Can proc sql embedded in sas macros dynamically merge to data-sets, simulating residential treatment placement decisions for trouble youth?

Good afternoon and happy Friday, folks
I’m trying to automate a placement simulation of youth into residential treatment where they will have the highest likelihood of success. Success is operationalized as “not recidivating” within 3 years of entering treatment. Equations predicting recidivism have been generated for each location, and the equations have been applied to each individual in the scenario (based on youth characteristics like risk, age, etc., LOS). Each youth has predicted success rates for every location, which throws in a wrench: youth are not qualified for all of the treatment facilities for which they have predicted success rates. Indeed, treatment locations have differing, yet overlapping qualifications.

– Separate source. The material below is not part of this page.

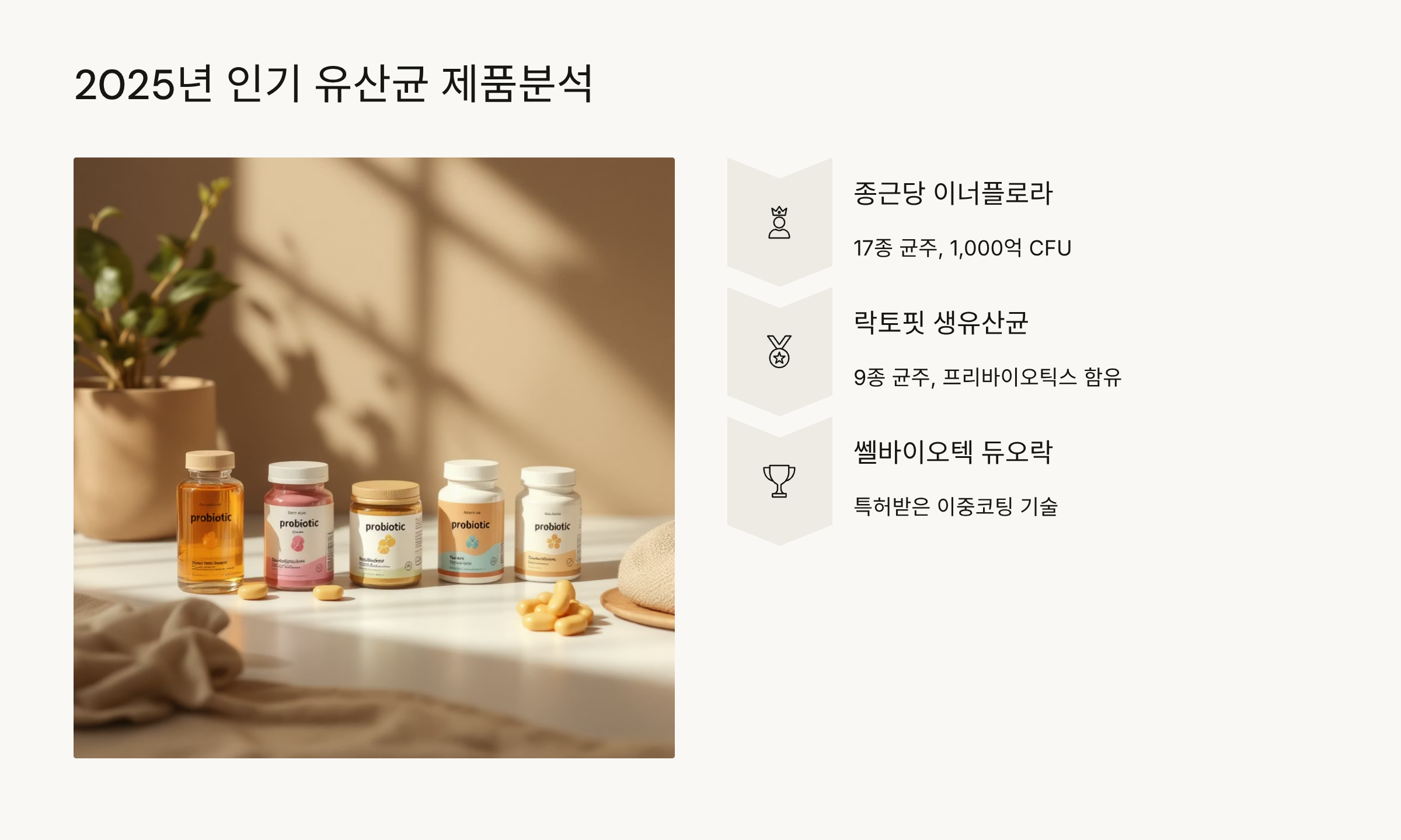 2025년 현재 시장에서 가장 인기 있는 유산균 제품들을 분석해 봤어요. 락토핏은 여전히 국내 시장 점유율 1위를 차지하고 있어요. 17가지 균주와 프리바이오틱스를 함유해 장 건강 개선에 탁월한 효과를 보여주고 있답니다. 특히 골드 제품은 보장균수가 100억 CFU로 높아서 많은 사랑을 받고 있어요.

Let’s take a made-up example. Johnny (ID # 5, below) is a 15-year-old boy with drug charges. He could have “predicted success rates” of 91% for location A, 88% for location B, 50% for location C, and 75% for location D. Johnny is most likely to be successful (i.e., not recidivate within three years of entering treatment) if he is treated at location A; unfortunately, location A only accepts youth who are 17 years old or older; therefore, Johnny would not qualify for treatment here. Alternatively, for Johnny, location B is the next best location. Let us assume that Johnny is qualified for location B, but that all of location-B beds are filled; so, we must now look to location D, as it is now Johnny’s “best available” option at 75%.

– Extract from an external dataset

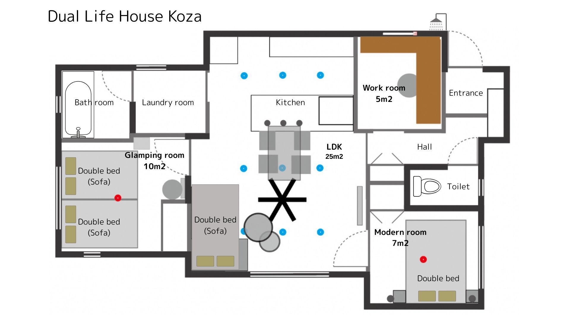 2025年新築オープン 平屋の一棟貸切宿です。沖縄市コザエリアに位置し、観光・イベント・ビジネスの拠点として便利にご利用いただけます。ダブルベッド・ソファベッドなどを備え、4名様でゆったり快適にお過ごしいただけます。添い寝OKであれば最大8名様までご利用可能ですので、ご家族旅行やグループ滞在にもおすすめです。キッチン、電子レンジ、調理器具一式、洗濯乾燥機を完備。長期滞在にも対応しております。無料Wi-Fi、無料駐車場3台分あり。当施設は無人運営となっております。チェックイン前日に暗証番号をお送りし、セルフチェックインにてご入室いただきます。※本プランは事前決済のみとなります。※滞在中の清掃およびアメニティの追加補充はございません。ゆったりと「暮らすように泊まる」沖縄滞在をお楽しみください。

The score so far: We are matching youth to available beds in location for which they qualify and might enjoy the greatest likelihood of success. Unfortunately, each location only has a certain number of available beds, and the number of available beds different across locations. The qualifications of entry into treatment facilities differ, yet overlap (e.g., 12-17 year-olds vs 14-20 year-olds).
In order to simulate what placement decisions might look like based on success rates, I went through the scenario describe above for over 400 youth, by hand, in excel. It took me about a week. I’d like to use PROC SQL imbedded in a SAS MACRO to automate these placement scenarios with the ultimate goals of a) obtain the ability to bootstrap iterations in order to examine effect sizes across distributions, b) save time, and c) prevent further brain damage from banging my head again desk and wall in frustration whilst doing this by hand. Whilst never having had the necessity—nay—the privilege of using SQL in my typical roll as a researcher, I believe that this time has now come to pass and I’m excited about it! Honestly. I believe it has the capacity I’m looking for. Unfortunately, it is beating the devil out of me!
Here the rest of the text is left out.